С Новогородчины, подумал Свет. Землячка… И неожиданно для себя изменил решение.
— Пригласите ее, брате!
Женщина, давшая жизнь Клюю, выглядела гораздо старше своих сорока семи лет. Седые волосы, собранные в узел на затылке; круглое, полное, но какое-то пепельно-серое лицо; фиолетовые, полные тоски глаза, окруженные сеточками преждевременных морщинок. Наверное, Клюеву мать состарило обрушившееся на семью горе. А может, вся судьба сына была для нее сплошным горем — встречаются у отмеченных Талантом и такие матери…
— Садитесь, сударыня! Примите мои глубочайшие соболезнования! Муж-волшебник Колотка был прекрасным колдуном и справно послужил родине…
Женщина вскинула голову:
— Бросьте, сударь чародей!.. Возможно, он и прекрасный колдун, но сыном он был бессердечным. Как и все вы, волшебники!..
Ненависти в ней не было, но на Света тут же обрушился новый приступ раздражения. Тем не менее он сдержался.
— Зря вы так, сударыня… К волшебникам не применимы обычные моральные требования. Наше главное дело — забота о благе страны, и вам след гордиться своим сыном.
Глаза женщины наполнились слезами. Она опустила голову:
— Я бы гордилась, буде бы у меня имелись другие дети. Но Клюй оказался единственным. Поэтому я им не гордилась, я его просто любила…

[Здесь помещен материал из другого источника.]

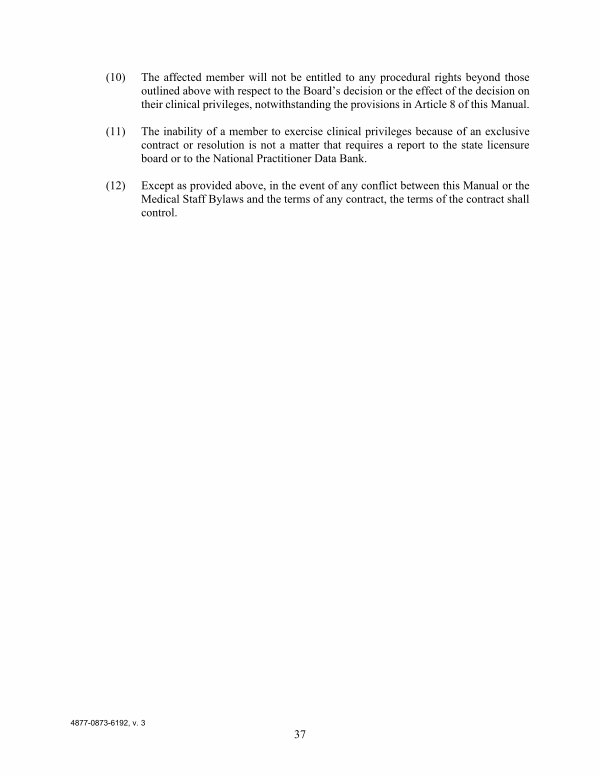 ( 10) The affected member will not be entitled to any procedural rights beyond those outlined above with respect to the Board’ s decision or the effect of the decision on their clinical privileges, notwithstanding the provisions in Article 8 of this Manual.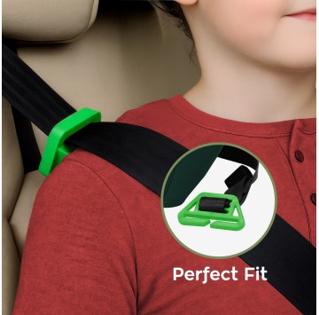 - Zielona prowadnica zapewnia prawidłowe ułożenie pasa bezpieczeństwa na obojczyku dziecka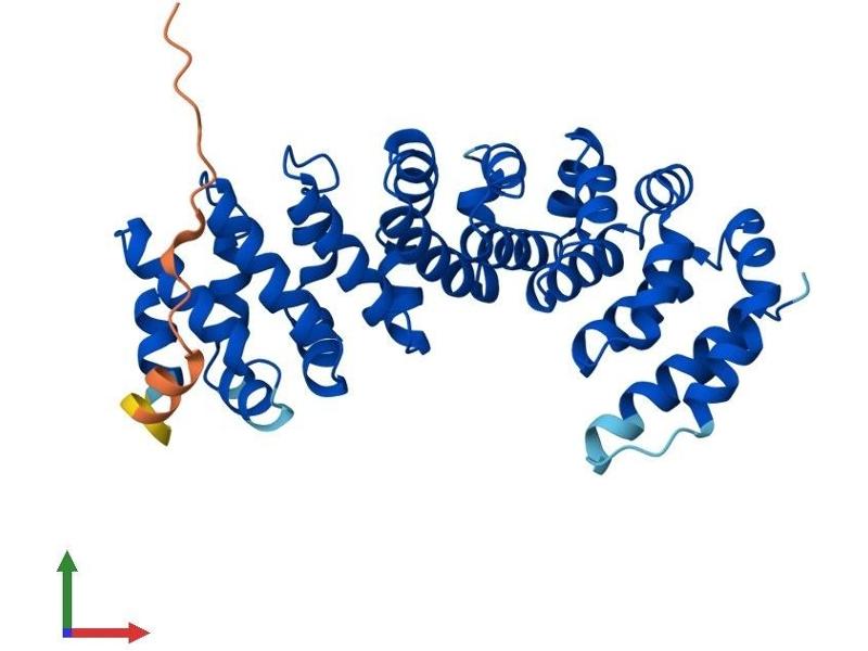 This gene encodes a protein with no known function but with slight similarity to a yeast vacuolar protein. The gene is located in a region deleted in pediatric rhabdoid tumors of the brain, kidney and soft tissues, but mutations in this gene have not been associated with the disease. [provided by RefSeq, Jul 2008].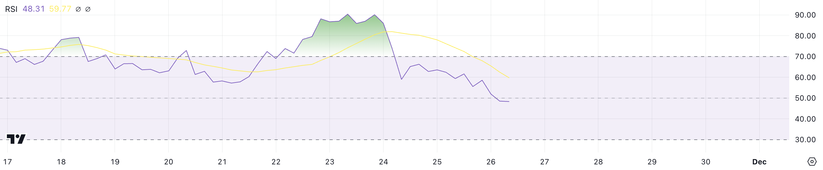 ستيلر RSI الآن عند 48,31، منخفضًا من فوق 70 عندما وصل XLM إلى $0,60، وهو أعلى سعر له في ثلاث سنوات. يقيس RSI، أو مؤشر القوة النسبية، الزخم على مقياس من 0 إلى 100، مع القيم فوق 70 تشير إلى ظروف شراء مفرطة وتحت 30 تشير إلى ظروف بيع مفرطة.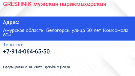 GRESHNIK, мужская парикмахерская по адресу Амурская область, Белогорск, улица 50 лет Комсомола, 60а в дальнейшем Организация, размещена в следующих категориях:

Она заплакала навзрыд, как плакала в последний раз, наверное, в далеком детстве. Впрочем, вряд ли. Наверное, она рыдала и позже. Ведь Клюй Колотка был ее единственным сыном. Как Свет Сморода — для своей матери. Во всяком случае, Дубрава Смородина плакала так все тридцать два последних лета. А Свет об этом узнал чуть более полугода назад, в морозный сеченский день. Когда впервые за свою взрослую жизнь побывал дома…
Между тем мать Клюя справилась с собой, утерла слезы, подняла голову.
— Простите меня, чародей!.. Я, должноть, отнимаю у вас время. Я просто хотела вас попросить… — Вот когда ней проснулась ненависть, ненависть, заметная и безо всяких С-заклинаний. — Найдите убийцу моего сына, чародей. Найдите, и я век буду благодарить вас.
Светово раздражение переродилось в черную злобу, но это была злоба вовсе не на сидящую перед ним женщину. Это была злоба на всю подлунную, на ее устройство, убивающее детей и заставляющее рыдать матерей. И от этого — казалось бы, знакомого — чувства не освободила бы чародея никакая разрядка…
Свет встал.
— Я найду его, сударыня, обещаю вам!
Мать Клюя вышла, а Свет даже не попытался ее задержать, чтобы задать свои, важные для сыска и ничего не значащие для этой женщины вопросы. Он задал их вернувшейся в комнату служанке.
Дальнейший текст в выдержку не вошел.